Incluso para alguien como el propio Murray Rothbard, el Che Guevara era alguien digno de interés, hasta el punto de escribirle una necrológica muy crítica pero a la vez profética, y Rothbard, por supuesto, tenía razón, porque el Che Guevara se ha convertido probablemente en la figura política más conocida de la historia reciente de América Latina, y fuera del Occidente desarrollado, es decir, de la anglosfera liderada por EEUU y de Europa Occidental, su rostro y su nombre se han convertido en sinónimo de lucha armada, de guerra de guerrillas, de un ideal socialista utópico que no conoce límites ni fronteras.
Su muerte a manos del ejército boliviano, ayudado por la CIA, en un intento fallido de desencadenar una revolución marxista agraria en el Altiplano andino, sólo contribuyó a aumentar su estatus ya legendario entre quienes se oponen a las ideas de libertad y civilización.
En la práctica, su muerte lo convirtió en un mártir de la izquierda, un símbolo religioso de una revolución que nunca llegó pero que siempre se presenta como el evangelio del igualitarismo. Digan lo que quieran del Che Guevara, digan que era un asesino y un terrorista, y tendrán razón. Pero eso no quita que el Che estuviera dispuesto a morir por sus ideas, y de hecho lo hizo.
La derecha, ni conservadora ni libertaria, no tiene una sola persona que haya llegado a tales extremos. No tenemos mártires, y nuestras creencias no son religiosas. Podemos pensar en los actos de autoinmolación cometidos por gente como Alex Jones o Kanye West como un martirio por nuestras causas, como la libertad de expresión, pero no son más que activismo popular contraproducente.
De hecho, nuestras creencias, son todo lo contrario a un fanatismo religioso, ya que están arraigadas en el análisis razonable de la historia, la naturaleza y la sociedad, y como tal, los resultados de nuestras ideas, incluso si son adecuados a largo plazo, no son fáciles de vender a las masas de alta preferencia, que se han acostumbrado a recibir subsidios de los gobiernos y han interiorizado la propaganda creada por la clase empresarial—gerencial que trabaja en conjunto con los responsables políticos.

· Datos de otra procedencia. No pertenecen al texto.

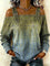 Women‘s Gradient Ethnic Pattern Print Casual Cotton Denim Shirt

Nuestra sociedad se encuentra en un punto muerto entre la lucha individual por la libertad y la lucha organizada por el poder, y nuestros tiempos son más extraños que nunca, ya que representan lo que Francis Fukuyama sigue insistiendo en que es el Fin de la Historia, pero se parece más a la etapa final de la civilización descrita por Oswald Spengler en su obra magna Decadencia de Occidente.
El problema es que si damos por buenas las palabras de Fukuyama o de Spengler, nos quedamos sin algunos elementos clave para entender la mecánica de nuestra época: la democracia liberal es, en efecto, el sistema dominante en todo el mundo, pero no es liberal (porque no es generosa, según la definición de Erik von Kuehnelt-Leddihn, y porque crea una prosperidad falsa e inestable a partir de una fuerte fiscalidad, una emisión monetaria inorgánica y una intervención general del gobierno en la economía), ni tampoco es democrática (porque permite votar a todo el mundo, sin importar quién o qué es o pretende ser «el Pueblo», y reserva el poder sólo a una clase directiva no elegida.)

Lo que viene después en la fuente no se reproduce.